Центральное произведение Гоббса – «Левиафан». Так он назвал образцовое государство, подробно им описываемое. Важнейшим достоинством этого государства является его незыблемость – оно может существовать вечно. Чтобы достичь такого идеала, необходимо основать государство на строго централизованной сильной власти, подвергающей все цензуре – даже мнения
граждан. Создание такого государства – объективная необходимость, вытекающая из свойств человека: «Пока люди живут без общей власти, держащей их всех в страхе, они находятся в состоянии, которое называется войной, и именно в состоянии войны всех против всех». Если характеризовать гоббсовское представление о человеке очень кратко, то больше всего хочется сказать, что это представление о злом и агрессивном животном; но слово «злое» в философии Гоббса лишено смысла, поскольку выражает некоторое моральное осуждение, а мораль, по Гоббсу, относительна. «Желания и другие человеческие страсти сами по себе не являются грехом. Грехом также не являются действия, проистекающие из этих страстей, до тех пор, пока люди не знают закона, запрещающего эти действия». Закон же предписывается Левиафаном.

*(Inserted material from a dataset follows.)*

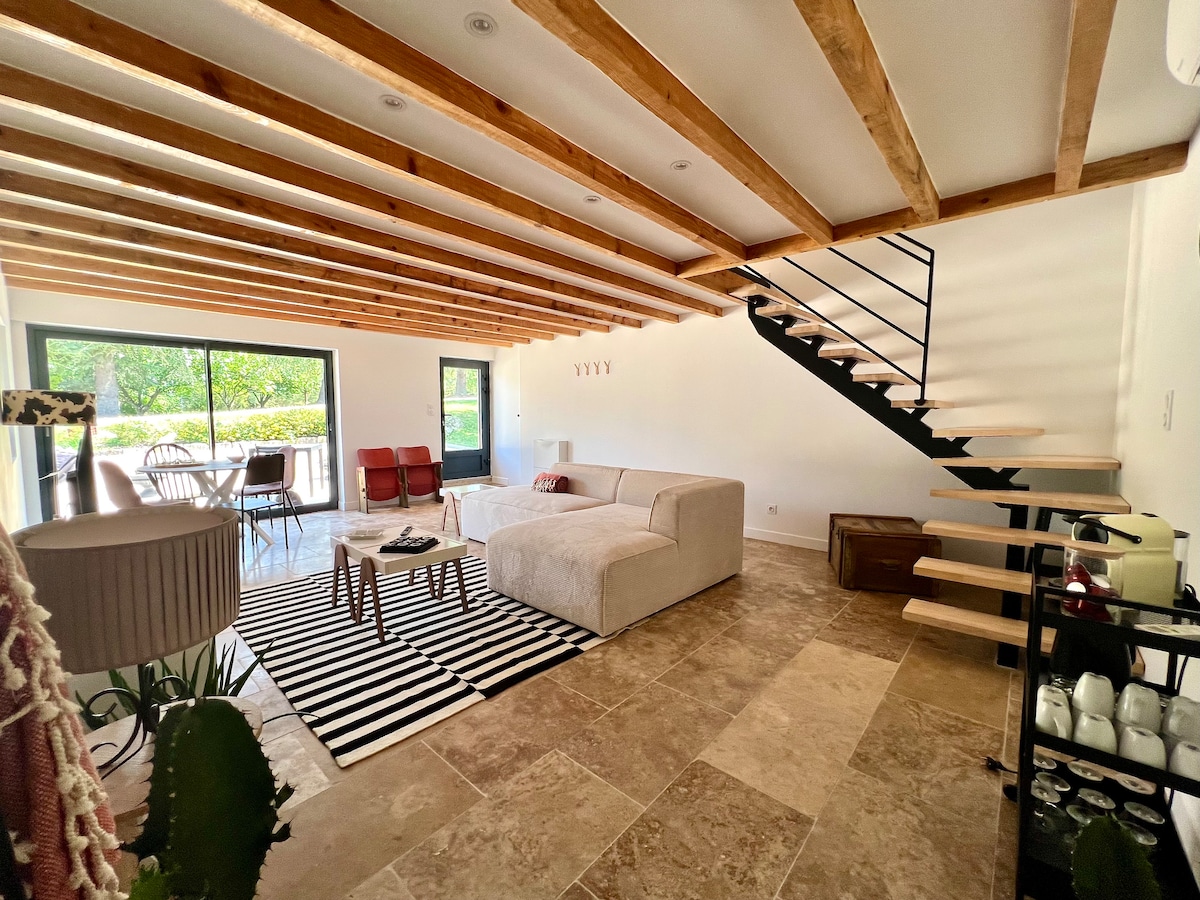 In dit atypische en nieuwe appartement vind je al het comfort dat nodig is voor 3 personen. Gemaakt in een oude wijnmakerij, bent u op een rustige locatie op 3 minuten van Marmande. Groene ruimte en vrij parkeren op het terrein Bestaande uit een woonkamer op begane grond met uitgeruste keuken en welkomstplateau, zithoek. Boven, een bed in 160 x 200 en een bed in 90 x 190, een badkamer en toilet niet gescheiden Wij voorzien je van lakens, vergezeld van badlakens en beddengoed.

Гоббс желает утвердить свою точку зрения на прочных основаниях, поэтому он посвящает много страниц чему-то вроде современной психологии и психофизики – выявляет особенности восприятия и мышления. Природа всех ощущений, считает он, вполне механистична, они являются как бы сжатием пружины, на которую давит внешнее тело. Когда, скажем, на глаз попадает свет, он оказывает давление на сетчатку и производит некоторое ее напряжение – это и есть зрительное чувство. Что же касается мышления, то оно есть «остаточное ощущение». Так весь внутренний мир человека получает простое объяснение. Отметим следующее: никакого научного материала, позволяющего возвести подобную теорию, во времена Гоббса не было, сам он также не производил никаких экспериментов. Тем не менее, теория излагается с непререкаемой убежденностью. Быстрые на суждения люди могли бы поострословить по поводу беспочвенности объяснения Гоббсом такого сложного феномена, как психика, но пусть они попридержат свою иронию: вся современная наука об ощущениях и мышлении является лишь уточнением концепции Гоббса;
она покорно вписывает те или иные детали в контуры той общей картины, которую Гоббс набросал вольной, широкой кистью. Бесчисленные исследования нейрофизиологов, нейропсихологов и кибернетиков наших дней направлены только на то, чтобы узнать, какое именно физическое изменение происходит в сенсорном организме под действием раздражения – бегут ли в нем электрические импульсы, изменяется медленный потенциал или же диффундирует химический агент, а изучение психологии мышления, как и у Гоббса, опирается на доктрину сенсуализма и на представление, что работа сознания, протекающая вне акта восприятия, имеет ту же природу, что и при восприятии, т. е. что мысль есть «остаточное ощущение». Еще раз мы начинаем чувствовать подозрение, что не науки подтвердили возникшую еще до их расцвета идеологию, а эта идеология предписала наукам развиваться в таком-то направлении и в границах таких-то концепций. Гоббс был идеологом, поэтому он не считал нужным тратить время на такие второстепенные вещи, как экспериментирование, предоставляя это людям, не способным к интеллектуальной работе более высокого ранга. У современного специалиста по нейронам, владеющего тонкой методикой измерений и умеющего потреблять в научных статьях заумные термины, нет ни малейшего основания относиться к Гоббсу свысока. Точно то же можно сказать и о Бэконе. Историк науки Льоцци подшучивает над Бэконом, говоря, что его методом «ни один физик никогда не воспользовался». Но разве в методе был пафос идеологии Бэкона? Если бы он мог увидеть, как развивалось естествознание за протекшие триста лет, он не только был бы удовлетворен, но испытал бы редко кому выпадающее чувство великой победы своего дела: ведь осуществилась «бэконианская революция»! И много ли дела было ему до того, что самодовольные труженики научного цеха двадцатого века, ни на волос не отклоняющиеся от предначертанной для них установки смотреть на человека как на особо устроенную машину, иногда доставляют себе невинное удовольствие позлословить на его счет? Ведь в программу той деятельности, которой занимаются все члены его духовного братства, как раз и входит использование людских слабостей вроде ослепляющего самомнения и склонности к злословию.Гоббс как член того же братства тоже старался сыграть на слабых струнках кого надо. Он в своем сочинении выражал надежду, что его прочтут некоторые правители и в результате сделаются абсолютными монархами. Чтобы призыв был более действенным, он заверял, что книга легко читается и очень интересна.